TASK REQUIREMENTS | Skipping each picture, output the entries exactly as they stand below.

^^^^

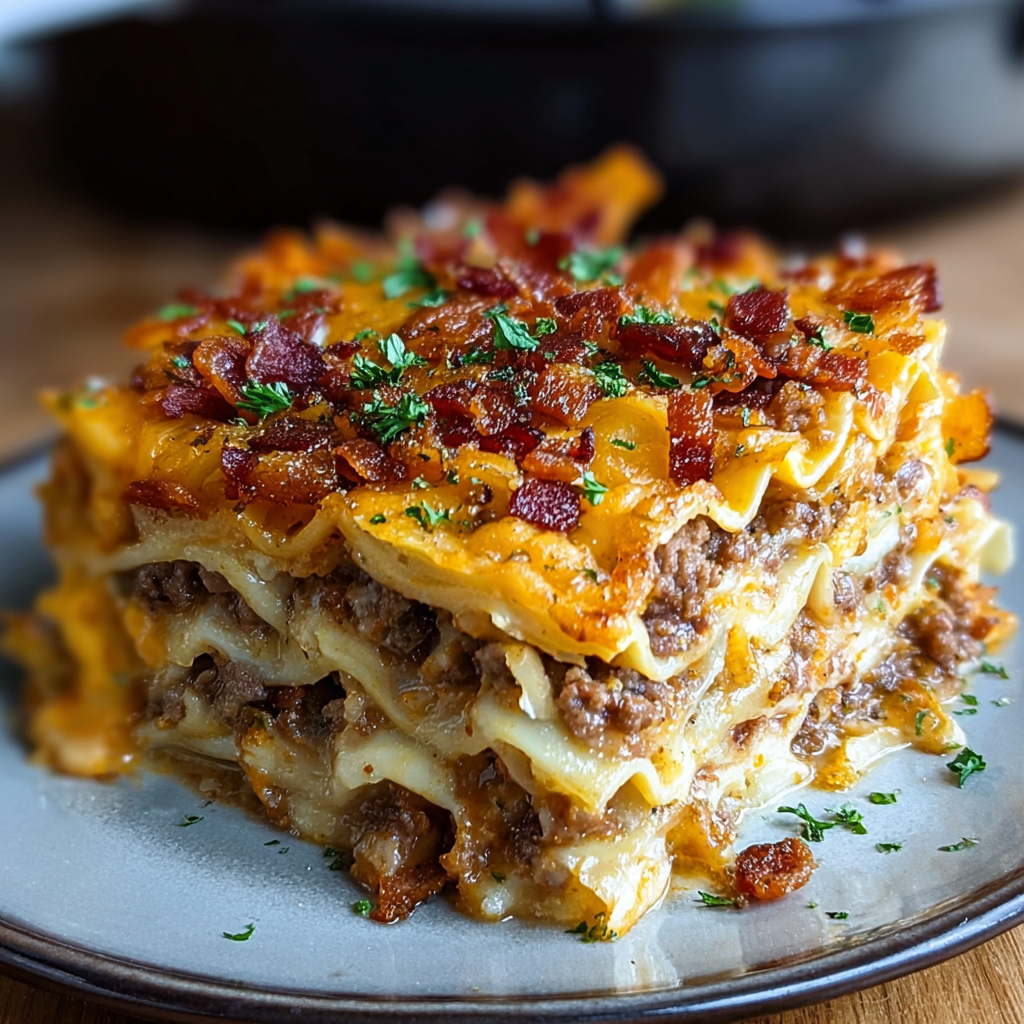 This Parmesan Garlic Bacon Cheeseburger Lasagna takes everything you love about a bacon cheeseburger and turns it into a rich, layered baked pasta dish.
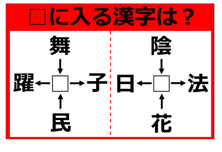 【漢字パズル】脳トレに挑戦!舞□、□躍、民□、□子 □に入る漢字は何…!?
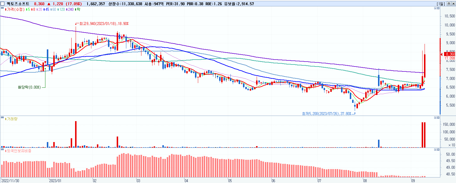 - 액토즈소프트 (8,360원 ▲ 17.09% , 시총: 947억, 거래량: 1,669,477, 거래대금:139억)
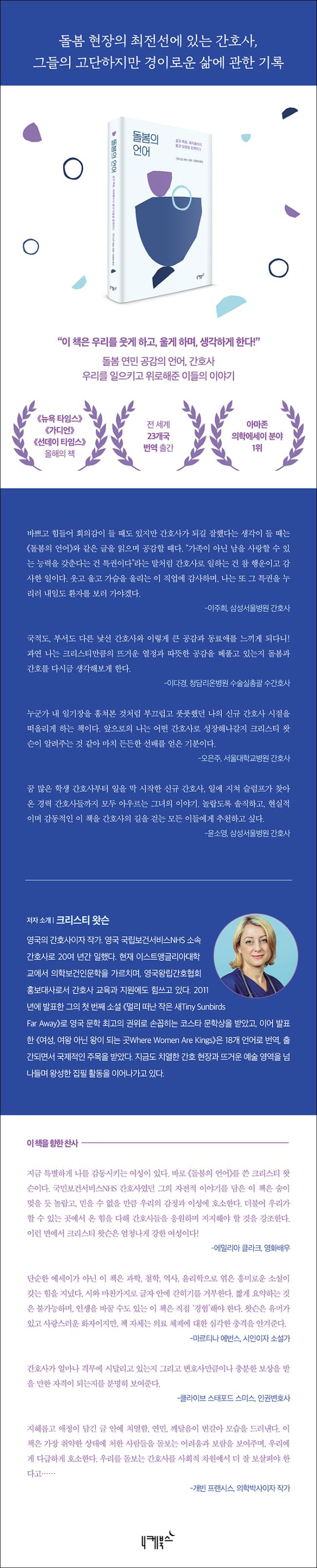 20³â°£ ¼ö¸¹Àº ȯÀÚ¸¦ µ¹º¸¸ç ½° ¾øÀÌ ´Þ·Á¿Â ÇÑ °£È£»çÀÇ Àڱ⠰í¹éÀÌÀÚ °£È£»ç·Î¼ ¸¶ÁÖÇÑ »î°ú Á×À½, µ¹º½¿¡ °üÇÑ ±â·ÏÀÌ´Ù. Ãâ°£ Áï½Ã ´º¿å ŸÀÓ½º, °¡µð¾ð, µ¥Àϸ® ÅÚ·¹±×·¡ÇÁ, ¾Æ¸¶Á¸ º£½ºÆ®¼¿·¯¿¡ ¿À¸£´õ´Ï 2021³â 4¿ù ÇöÀç±îÁö 3³â ³Ñ°Ô º£½ºÆ®¼¿·¯ ÃÖ»ó´ÜÀ» Áö۰í ÀÖ´Ù. -MDÃßõ-
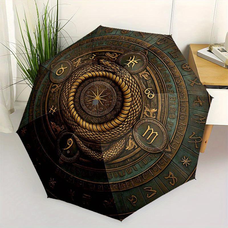 Золотой Змей Колесо Зодиака: Мистический Астрологический Декоративный Зонт, Портативный Компактный 3-Складной Зонт для Мужчин и Женщин R159

^^^^

TASK RESULT |
 This Parmesan Garlic Bacon Cheeseburger Lasagna takes everything you love about a bacon cheeseburger and turns it into a rich, layered baked pasta dish.
 【漢字パズル】脳トレに挑戦!舞□、□躍、民□、□子 □に入る漢字は何…!?
 - 액토즈소프트 (8,360원 ▲ 17.09% , 시총: 947억, 거래량: 1,669,477, 거래대금:139억)
 20³â°£ ¼ö¸¹Àº ȯÀÚ¸¦ µ¹º¸¸ç ½° ¾øÀÌ ´Þ·Á¿Â ÇÑ °£È£»çÀÇ Àڱ⠰í¹éÀÌÀÚ °£È£»ç·Î¼ ¸¶ÁÖÇÑ »î°ú Á×À½, µ¹º½¿¡ °üÇÑ ±â·ÏÀÌ´Ù. Ãâ°£ Áï½Ã ´º¿å ŸÀÓ½º, °¡µð¾ð, µ¥Àϸ® ÅÚ·¹±×·¡ÇÁ, ¾Æ¸¶Á¸ º£½ºÆ®¼¿·¯¿¡ ¿À¸£´õ´Ï 2021³â 4¿ù ÇöÀç±îÁö 3³â ³Ñ°Ô º£½ºÆ®¼¿·¯ ÃÖ»ó´ÜÀ» Áö۰í ÀÖ´Ù. -MDÃßõ-
 Золотой Змей Колесо Зодиака: Мистический Астрологический Декоративный Зонт, Портативный Компактный 3-Складной Зонт для Мужчин и Женщин R159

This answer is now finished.